According to the Spanish leader, it is about implementing “a pipeline for green hydrogen, but also, during the transition, for the gas needed by the European energy market between Barcelona and Marseille”.

For Sánchez, it is a “magnificent decision.”

For his part, the Prime Minister of Portugal, António Costa, told the press that it is “a pipeline dedicated to green hydrogen” but that eventually it could also be used for natural gas.

This December 9, the three leaders will meet to further define the agreement

The leaders of the three countries will meet again in Alicante on December 9.

Until that date, said the Portuguese president, it will be possible to “define the details” of this interconnection from the technical point of view.

In Alicante, the three presidents will have to concentrate on the “deadline for investment, the distribution of costs and the volume of resources”.

The Midcat gas pipeline was planned to connect Spain with France through Catalonia.
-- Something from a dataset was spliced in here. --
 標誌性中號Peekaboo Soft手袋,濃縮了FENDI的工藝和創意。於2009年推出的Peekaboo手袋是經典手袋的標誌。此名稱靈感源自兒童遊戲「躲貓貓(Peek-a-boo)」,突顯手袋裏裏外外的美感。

The project began to be built in 2010 but the works were practically paralyzed in 2018, after a critical report from the European Commission (executive arm of the European Union).

As a result of the profound energy crisis that is shaking the block and that has worsened dramatically since the beginning of the Russian offensive on Ukraine, Spain sought to recover the project, but the idea did not overcome the scant interest of Paris, which did not see viability in the project. economic.

This Thursday, Sánchez, Costa and the French president, Emmanuel Macron, held a tripartite meeting in Brussels that allowed the announcement before a European summit under pressure to find concrete solutions to the energy crisis.

During a summit of European leaders held in Prague in October, Macron had suggested holding that meeting in Paris, but the three leaders decided to talk this Thursday in the Belgian capital.

Spain currently has six liquefied natural gas (LNG) terminals to process gas that arrives by sea, which could help the EU boost imports with a better connection.

But it only has two low-capacity links to France’s gas network, which has connections to the rest of Europe.